◆ **Your instructions**
Work through the data below and give the number of lines holding "Last", nothing more.

Source records
⟨

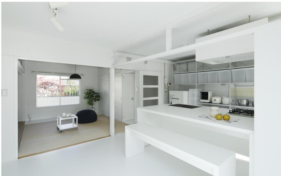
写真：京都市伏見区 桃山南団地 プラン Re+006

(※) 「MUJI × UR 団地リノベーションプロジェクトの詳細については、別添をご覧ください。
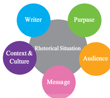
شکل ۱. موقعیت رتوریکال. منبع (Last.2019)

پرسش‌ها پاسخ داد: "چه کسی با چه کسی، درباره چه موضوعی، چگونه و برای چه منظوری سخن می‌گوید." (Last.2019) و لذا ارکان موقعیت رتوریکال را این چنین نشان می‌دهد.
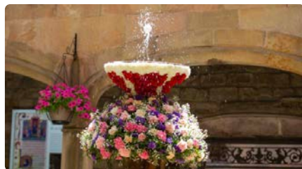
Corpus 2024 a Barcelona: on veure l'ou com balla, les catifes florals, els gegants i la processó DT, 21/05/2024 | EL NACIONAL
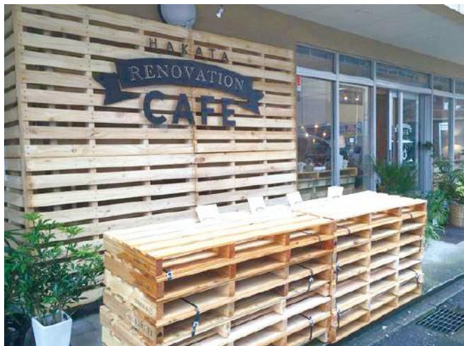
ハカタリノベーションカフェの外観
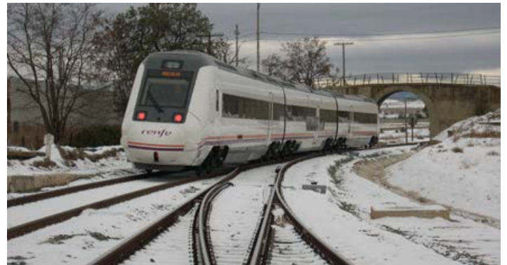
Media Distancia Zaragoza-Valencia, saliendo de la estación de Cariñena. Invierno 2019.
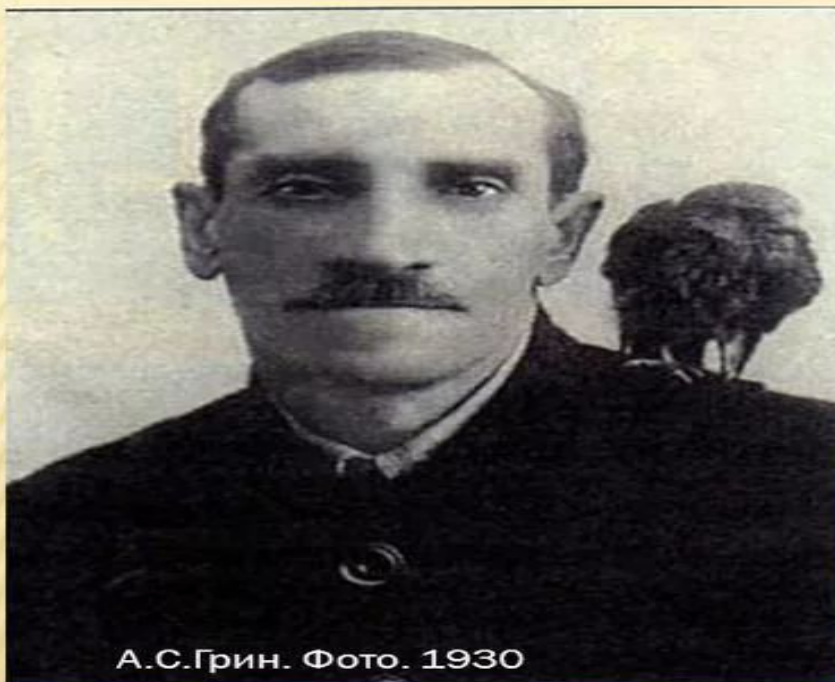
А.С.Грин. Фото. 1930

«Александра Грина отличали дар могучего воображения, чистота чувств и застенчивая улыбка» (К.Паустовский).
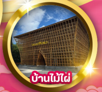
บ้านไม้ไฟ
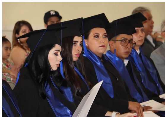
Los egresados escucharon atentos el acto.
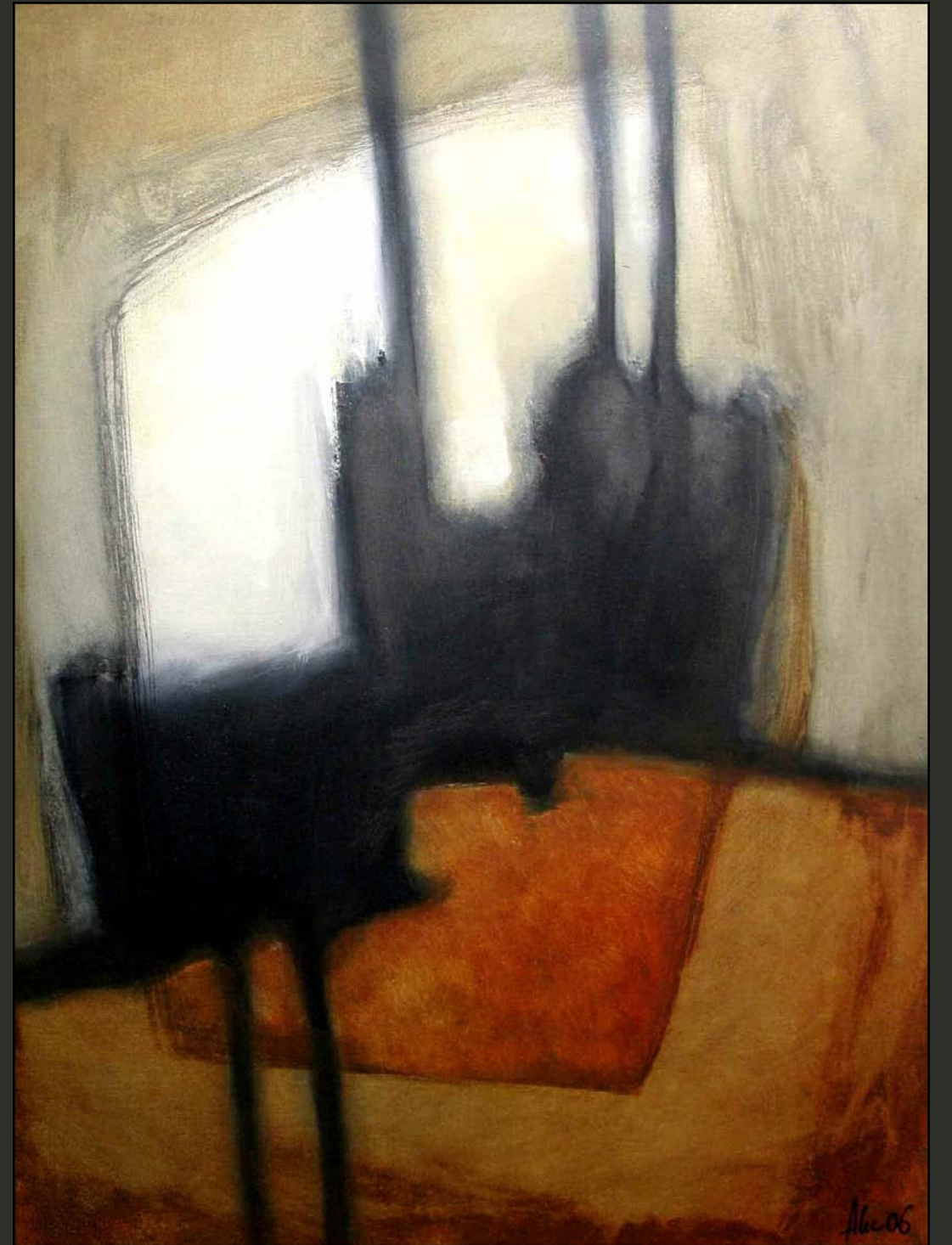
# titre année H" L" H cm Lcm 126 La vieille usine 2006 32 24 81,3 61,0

⟩

◆ **Exercise answer**
2